Running Qwen 3.6 Locally: A Setup Guide for RTX Owners

Something changed in the last few months. Local models reached a threshold: not perfect, not always faster than hosted alternatives, but good enough to be genuinely useful for long-context coding work on consumer hardware. Meanwhile, cloud AI terms keep shifting, and the direction is not toward individual developers running personal setups.

The calculation is simple: something that runs on your own machine, for the cost of electricity, with no terms to re-read. It does not have to be the best model available. It has to work.

We are apparently there now. It can only get better.


Qwen 3.6 35B MoE fits in 12.4 GB of VRAM, generates at around 111 tokens per second on an RTX 3090, and supports a 262K token context window. That is long enough to hold most codebases. Because of its Mixture of Experts architecture, it uses far less VRAM for the KV cache than a dense model of comparable size. This means the full 262K context actually fits, comfortably, on a single consumer card.

This post is a working recipe. I run this model on an RTX 3090, and this is exactly how I set it up.


What You Need

ComponentSpecStatus
GPURTX 3090 24GB VRAM
RAM64GB
StorageSSD, 30GB+ free

If your GPU has at least 16GB VRAM, most of this still applies. You will need to reduce the context and KV cache settings in Phase 3 to fit your memory budget.


Why Qwen 3.6

Until recently, long context was an infrastructure problem. When a model processes a long conversation or a large codebase, it builds an attention cache: the working memory that lets it connect a reference on line 3 to a bug on line 4,000. That cache grows with every token. At 100K to 200K tokens, it becomes large enough that running it required dedicated server hardware with tens of gigabytes of fast memory. That meant cloud endpoints and someone else’s terms.
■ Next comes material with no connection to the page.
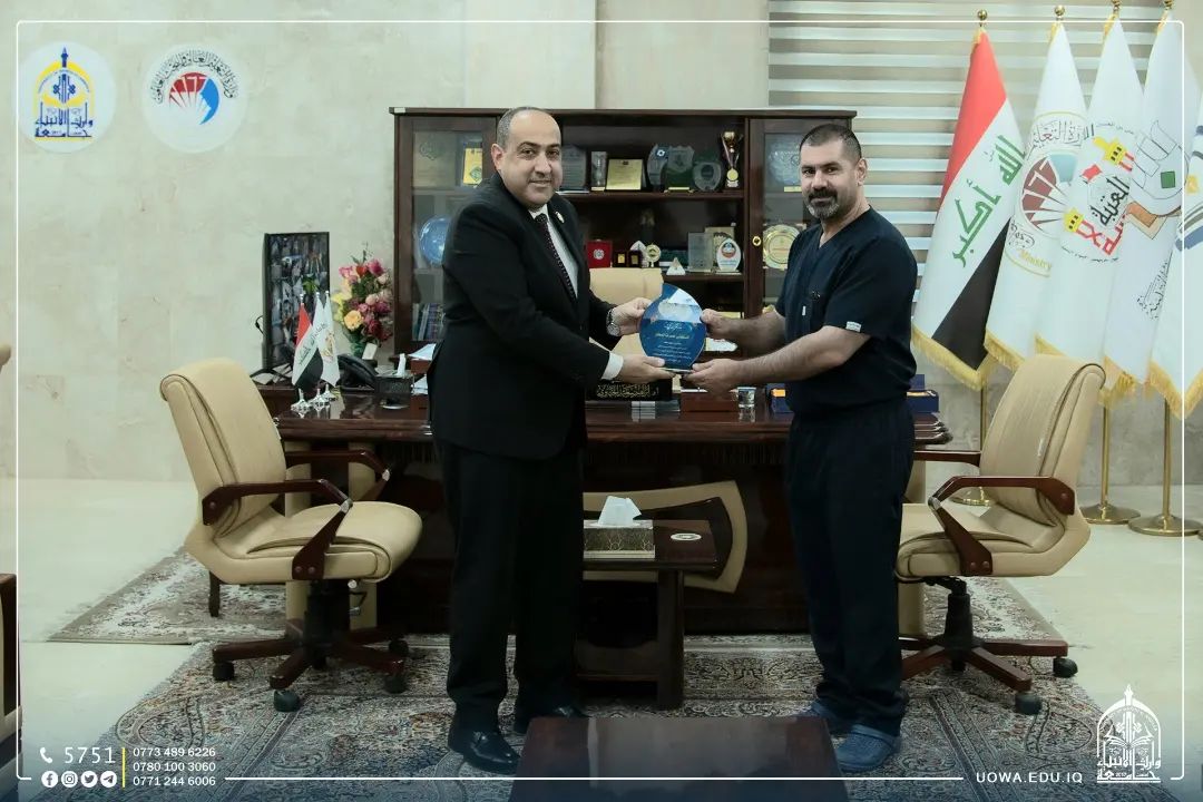 رئاسة جامعة وارث الأنبياء (عليه السلام) المتمثلة بالأستاذ الدكتور إبراهيم الحياوي تكرم الاطباء المدربين بدرع الشكر والتقدير لجهودهم القيمة والمساهمة في إنجاح هذا الكورس المهم الذي نال استحسان الطلبة.

Several things had to change at once. Flash Attention rewrote how the attention computation works: instead of loading the full cache into memory at each step, it tiles the calculation, keeping memory use roughly flat as context grows. Quantization formats got smarter: early approaches compressed model weights indiscriminately and paid a quality penalty; newer formats identify which weights matter most and protect them, so a 12GB compressed model retains most of the quality of a full-precision original. The KV cache turned out to be compressible too, with near-lossless results at half the original size. Mixture of Experts architecture changed the basic math: a 35B MoE model only activates a fraction of its parameters per token, so the effective compute cost at inference is far smaller than the total parameter count suggests, and crucially, only the attention layers contribute to the KV cache, not the expert layers. Qwen 3.6 adds DeltaNet with Gated Attention on top, designed not just to store long contexts but to reason across them without the quality degradation that typically sets in past 100K tokens.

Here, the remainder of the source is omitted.